Even more disturbing is the fact that the top 20% of households showed real increases in income. The bottom 50% lost income during the Bush years, with the bottom 20% losing 6% of income over this time frame. No wonder there is so much anger in the country regarding this bailout for the top 1%. Fifty million households make less today than they made 8 years ago. The criminal CEOs on Wall Street collected $30 million annual salaries while their companies have lost $500 billion in the last year. The average American is living paycheck to paycheck and can't maintain a lifestyle without borrowing. The unwinding of this unbelievable debt load could lead to the next Great Depression.
There is no absolute consensus regarding the causes of the Great Depression, but some common themes become clear. I will try to evaluate today's environment versus the conditions that existed in the 1920's.

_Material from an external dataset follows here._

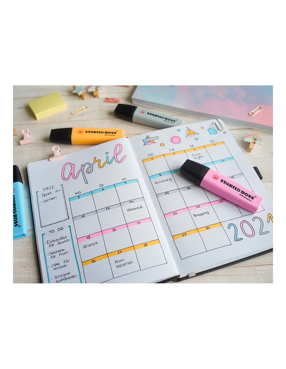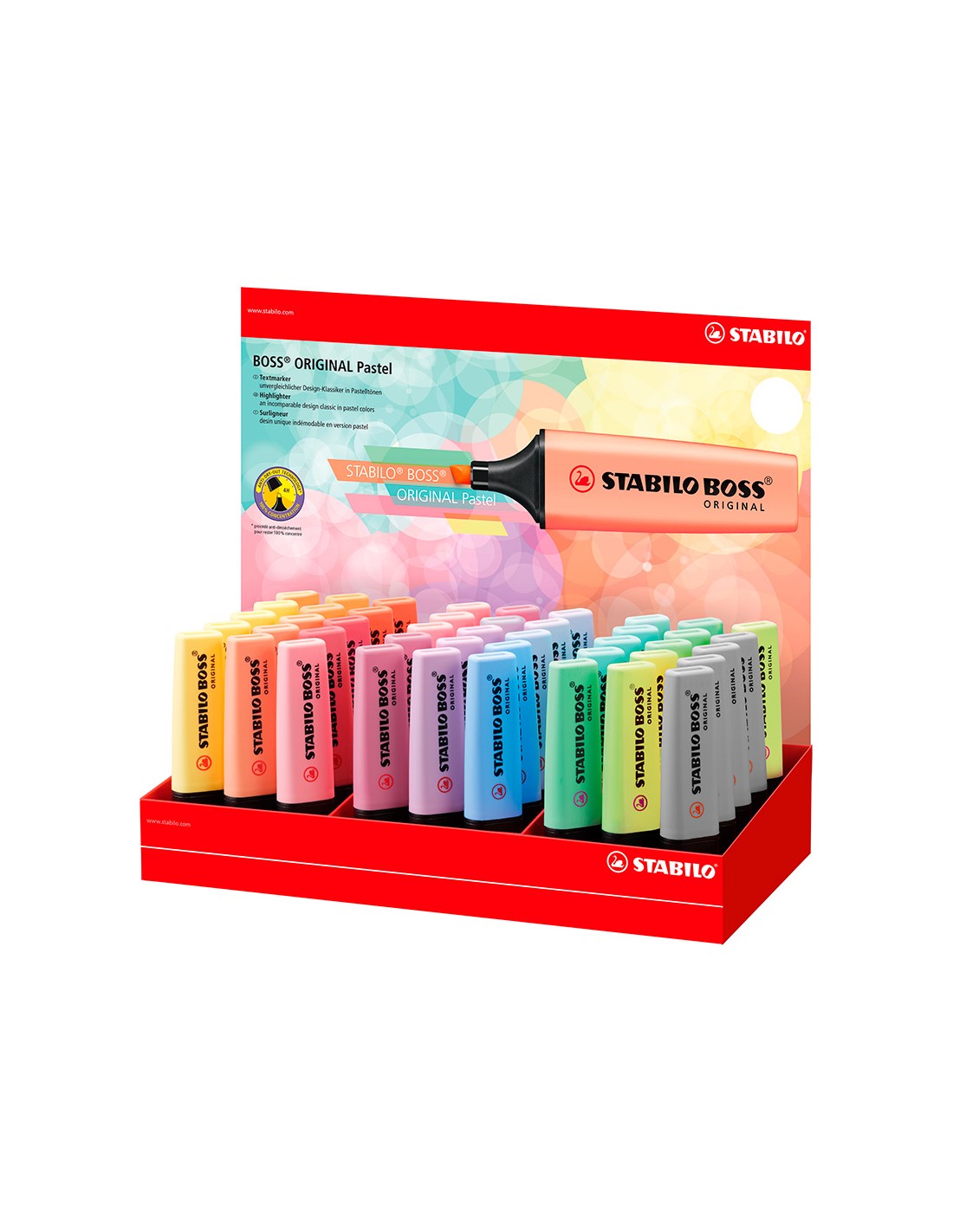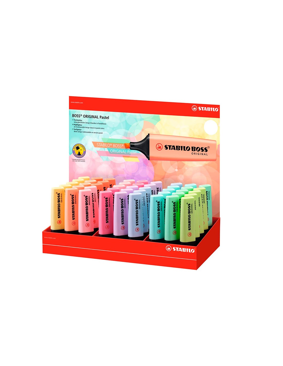 Expositor con 45 marcadores Stabilo Boss Original Pastel. Tecnología Antisecado Stabilo 4 horas de protección antisecado para concentrarse en el trabajo. 2 anchos de trazo 2 + 5 mm. Recargable. Tinta con base acuosa para papel, copias o fax. Económica y fácil recarga. Incuestionable líder de mercado.
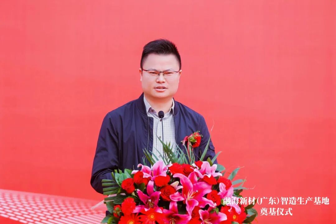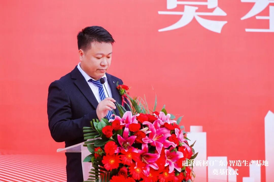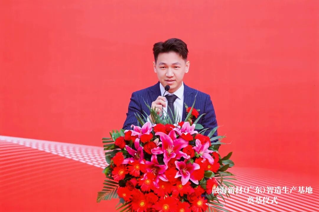 坚美铝材销售副总蒋秋荣,代表合作伙伴登台,送上对融海新基地奠基的诚挚祝福,并明确表达了与融海新材深化合作、携手共赢的强烈意愿,彰显了上下游企业协同发展的深厚共识。

1. Expansion of the money supply by the Federal Reserve during the 1920's
According to the Austrian School of economics, the Great Depression was mainly caused by the expansion of the money supply by the Federal Reserve in the 1920's that led to an unsustainable credit driven boom. Both Friedrich Hayek and Ludwig von Mises predicted an economic collapse in early 1929. In the Austrian view it was this inflation of the money supply that led to an unsustainable boom in both asset prices (stocks and bonds) and capital goods. Ben Strong, the head of the Federal Reserve, attempted to help Britain by keeping interest rates low and the USD weak versus the Pound. The artificially low interest rates led to over investment in textiles, farming and autos. In 1927 he lowered rates yet again leading to a speculative frenzy leading up to the Great Crash. By the time the Federal Reserve belatedly tightened in 1929, it was far too late and, in the Austrian view, a depression was inevitable. The artificial interference in the economy was a disaster prior to the Depression, and government efforts to prop up the economy after the crash of 1929 only made things worse. According to Murray Rothbard, government intervention delayed the market's adjustment and made the road to complete recovery more difficult.
Alan Greenspan reduced interest rates to 1% for over a year in 2003. This act led to a speculative frenzy in real estate, $3 trillion of equity withdrawal by consumers and tremendous overconsumption built upon a foundation of debt. This speculative frenzy was exacerbated by the "Masters of the Universe" on Wall Street with their CDOs, MBSs, and other magic potions that made bad loans appear good. The Bush administration's decision to not enforce any existing oversight of the banks also contributed greatly to the current situation. Realistically, the current conditions are worse than they were prior to the Great Depression based on the speculation that has occurred in the last eight years in stocks and real estate. Debt as a percentage of GDP is now 356% versus 260% prior to the Crash of 1929.